* Work to be completed
In the answer, each line from the top of the material through the line that contains "4月22日08時至23日08" is restated exactly. No picture is given again.

* Supplied data

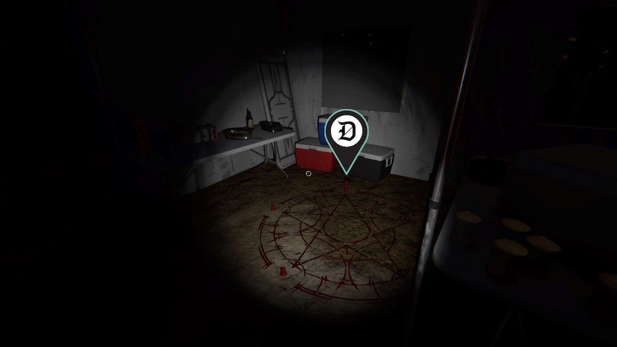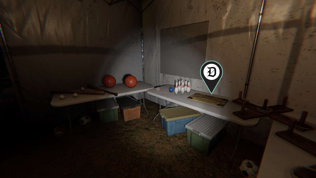 この呪われたオブジェクトは、他の多くのゲームや、テーブルに散らばっているいくつかのスポーツ用品の周りに座っています。テントの真ん中にあるボウリングピンとボウリングボールの右側に直接見つけることができます。
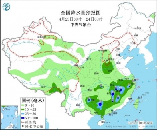 4月22日08時至23日08時,新疆沿天山高海拔地區(qū)和南疆南部、西藏東部、青海中南部、甘肅中南部、寧夏中北部、陜西中北部、山西等地部分地區(qū)有小到中雪或雨夾雪,其中甘肅中部、陜西北部、山西中南部等地部分地區(qū)有大雪;西藏東南部、華北南部、黃淮西部、江淮西南部、江漢南部、江南大部、重慶東北部、貴州東部、華南北部和南部等地部分地區(qū)有中到大雨,其中,湖南、江西中北部、廣西北部、廣東西北部等地部分地區(qū)有暴雨(50~90毫米)。西藏北部、江蘇北部等地部分地區(qū)有4~6級風。東海北部海域、黃海南部海域、臺灣海峽將有5~6級、陣風7級的東北風。
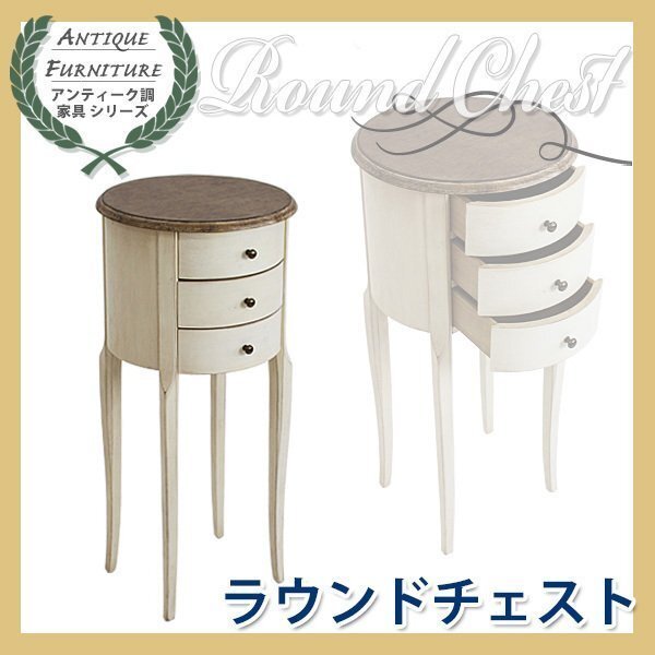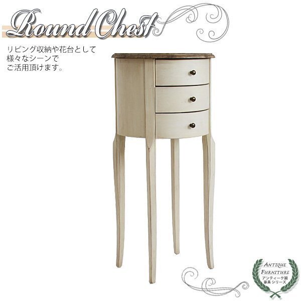 | 商品名 | アンティーク調 ラウンドチェスト W約40×D約40×H約87cm ホワイト 花台 ラウンド 3段 三段 引出し 引き出し アンティーク家具 木製 チェスト アンティーク風 アンティーク インテリア 家具 リビング収納 シャビーシック シャビー 白 antiqueh37wh |

* Answer
 この呪われたオブジェクトは、他の多くのゲームや、テーブルに散らばっているいくつかのスポーツ用品の周りに座っています。テントの真ん中にあるボウリングピンとボウリングボールの右側に直接見つけることができます。
 4月22日08時至23日08時,新疆沿天山高海拔地區(qū)和南疆南部、西藏東部、青海中南部、甘肅中南部、寧夏中北部、陜西中北部、山西等地部分地區(qū)有小到中雪或雨夾雪,其中甘肅中部、陜西北部、山西中南部等地部分地區(qū)有大雪;西藏東南部、華北南部、黃淮西部、江淮西南部、江漢南部、江南大部、重慶東北部、貴州東部、華南北部和南部等地部分地區(qū)有中到大雨,其中,湖南、江西中北部、廣西北部、廣東西北部等地部分地區(qū)有暴雨(50~90毫米)。西藏北部、江蘇北部等地部分地區(qū)有4~6級風。東海北部海域、黃海南部海域、臺灣海峽將有5~6級、陣風7級的東北風。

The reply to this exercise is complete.